Mein Gott, ist das lange her. Ein Album der Stone Temple Pilots (STP), die mit dem Tod ihres Sängers Scott Weiland stürmische Zeiten überleben mussten. Neuer Sänger ist nun Jeff Gutt. Und da Vergleiche immer hinken, lassen wir das gleich mal. Wir hören selbstverständlich ein Rockalbum. Viele Gitarren. Riff basiert. Laut. Leise. Grungig. Wir folgen den Gesängen des Jeff Gutt, wollen natürlich irgendwo Scott Weiland entdecken, tun wir aber nicht. Und das ist nicht das Schlechteste auf diesem Album, das sich nennt wie die Band: Stone Temple Pilots. Man kommt nicht gleich rein, braucht ein paar Minuten, aber mit der Erinnerung an die 90er, die Hochzeiten des Grunge und der STP ­schwingt sich auch dieses Album auf hörenswerte Höhen. Es wirkt ausgeglichen, vermeidet jede zeitgemäße Anbiederung und klingt doch roh, unverblümt und dezent schräg nach den STP. Ja. Wenn man so möchte: Comeback gelungen. Anspieltipps: Six Eight, Never Enough, Finest Hour. (Play Pen Music)

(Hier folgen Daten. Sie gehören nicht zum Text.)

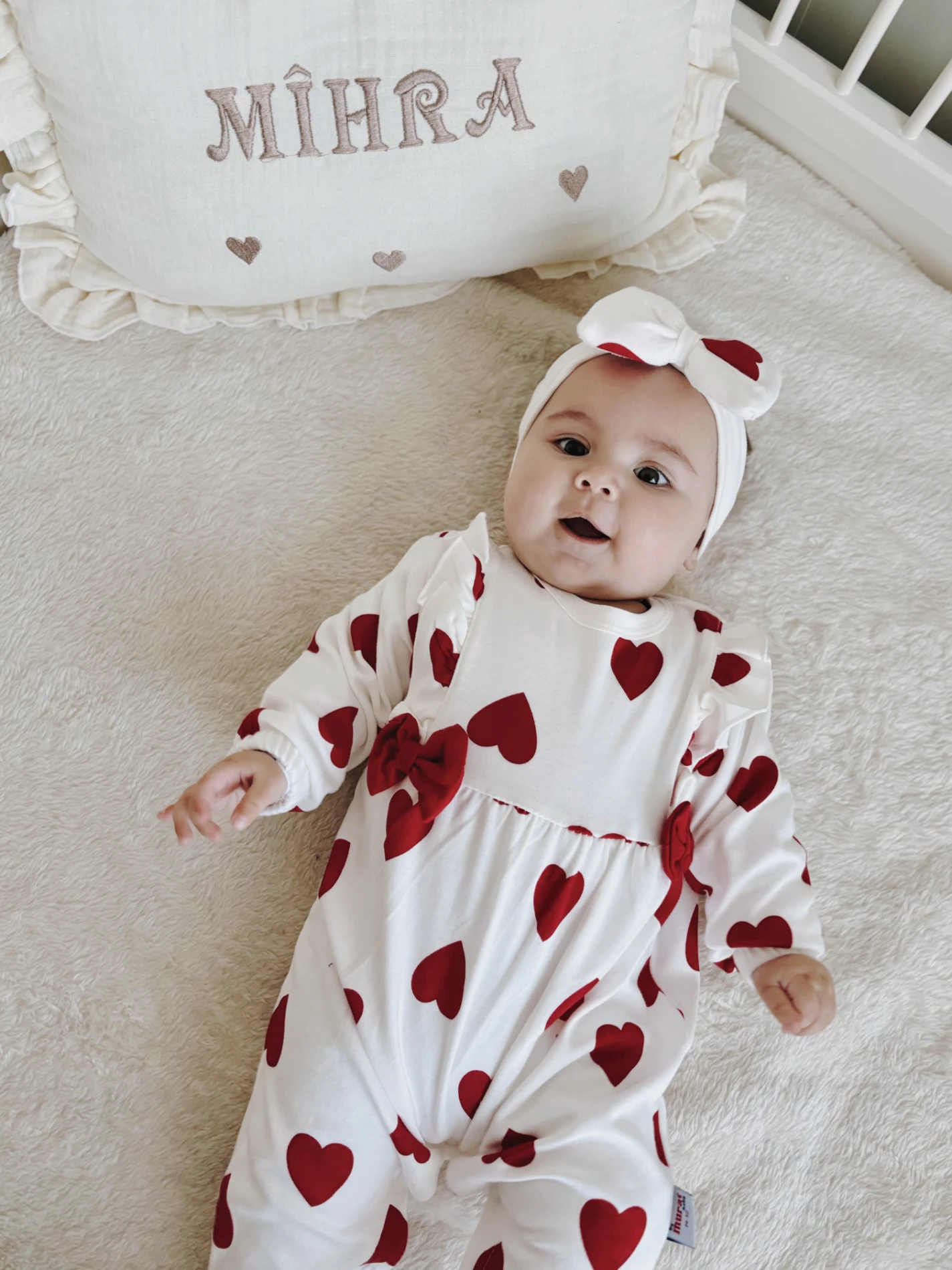 Kalp Desenli %100 Pamuk Fiyonk Detaylı Bandanalı & Tulum Set

In fast das gleiche Horn pusten oder trompeten die Männer von Judas Priest, die ja einst den Heavy Metal miterfanden. Sind einfach nicht tot zu kriegen, die Briten. „Firepower“ ist irgendwie ein typisches Priest-Album, aber dann auch wieder nicht. Warum? Weil es nicht aus der Zeit gefallen klingt, aber doch andeutet, woher die Burschen kommen. Vielleicht ist der Sound etwas zu sehr mit dem Glätteisen manipuliert worden, aber letztendlich drücken Doublebass, Bass, Gitarren und Gesang mächtig nach vorne und könnten wohl einige Güterzüge ein paar Kilometer schieben. Rob Halfords Stimme koordiniert das Ganze nach wie vor schneidig, schnittig und schmissig. Ein Heavy-Metal-Album, das Spaß macht, eine kleine Zeitmaschine ist und kurzweilig die Zeit vertreibt. Anspieltipps: Firepower, Never The Heroes, No Surrender. (Sony)

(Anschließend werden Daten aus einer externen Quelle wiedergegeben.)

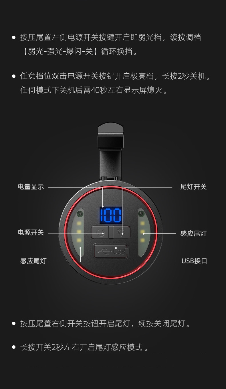 3、按压尾置右侧开关按钮开启尾灯,续按关闭尾灯。长按开关2秒左右开启尾灯感应模式(尾灯开启感应模式无法看清 提示,手扫关闭光源有蓝光提示)。

Sehr cool. The Decemberists und ihr Album „I’ll be your girl“. Es ist einfach so herrlich unklar, in welche Richtung The Decemberists gehen und deshalb ist jeder Song ein Mini-Aha-Erlebnis. Alles gibt es hier. Country, Rock, Songwritertum, Pop, Americana, Disco, Folk, Alternative. Ja, vielleicht sogar Wave. Und jeden Song spielen sie da in ihrem eigenen Charakter. Ohne Klischees, ohne Plattitüden, ohne Anleihen. Dann wird es auch erfrischend. Blumig. Und klingt angenehm generös, was sie uns da so zukommen lassen. Selten hat man sich auf die ersten zehn, zwanzig Sekunden eines Songs so gefreut. Und dann gibt es im Song noch Wendungen, Steigungen, Biegungen. Wirklich und wahrhaftig ein sehr gutes Album. Ja, könnte zeitgeistig sein. Anspieltipps: Cutting Stone, Tripping Alone, Your Ghost. (Rough Trade)

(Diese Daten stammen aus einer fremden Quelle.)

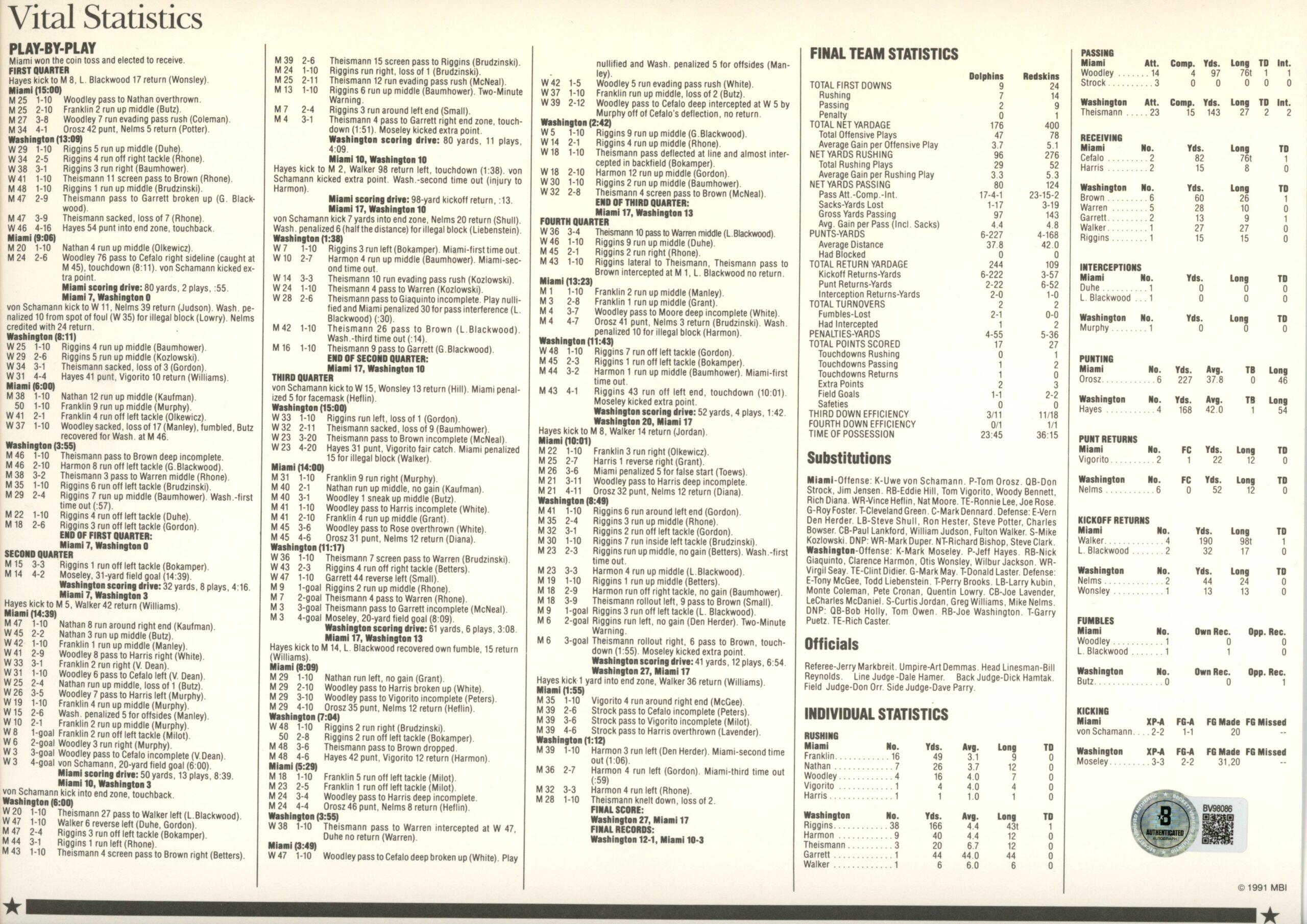 John Riggins Autographed Washington Redskins SB XVII Patch Card Beckett 54950

Wie jetzt? Ein neues Kim-Wilde-Album? Echt? Na dann. Mal reinhören, was die Pop-Ikone der 80er im Jahr 2018 mit „Here come the Aliens“ auf der Pfanne hat. Nun, zunächst einmal mehr Charakter, Attitüde und Haltung als alle Popsternchen dieser Social-Media-Welt. Schon die ersten drei Songs zeigen das, klingen allerdings – ach wie überraschend – so britisch, so Stock/Aitken/Waterman-mäßig, dass man sich leicht verhört und meint, auch Kylie Minogue könnte das singen. Oder Rick Astley. Aber gut. Wenn schon Pop, dann ordentlich. Und das beherrscht Kim Wilde ziemlich wunderbar. Es ist tatsächlich diese lange vermisste Art des Pop, die man hört, wahrnimmt und so ein klein bisschen mitnimmt in den Tag. Und. Diese Popmusik tut nicht weh. Im Vergleich zu Katy Perry und der restlichen Klonarmee. Mit gutem Gewissen ist mindestens ein Reinhören in „Here come the Aliens“ zu empfehlen. Anspieltipps: 1969, Pop don’t stop, Kandy Krush. (earMUSIC)

The Fratellis mit dem nächsten Album, „In your own sweet time“. So ein weises Stückchen sind sie von diesem hibbeligen ADHS-Sound der letzten Alben abgerückt. Klingen trotzdem und schon noch sehr aufgeregt, aufgekratzt und immer leicht drüber. Als würden die Bee Gees hyperventilieren. Aber, insgesamt erzeugen The Fratellis dennoch gewaltige Ohrwürmer, das muss man ihnen nicht nur lassen, sondern weitestgehend attestieren. Ob sich dieses Konzept eventuell demnächst mal selbst überholt oder auslutscht, werden die Fans, die Hörer entscheiden. Dieses Album geht auf jeden Fall noch durch und eckt noch nicht an. Anspieltipps: Stand Up Tragedy, I’ve been blind. (Cooking Vinyl)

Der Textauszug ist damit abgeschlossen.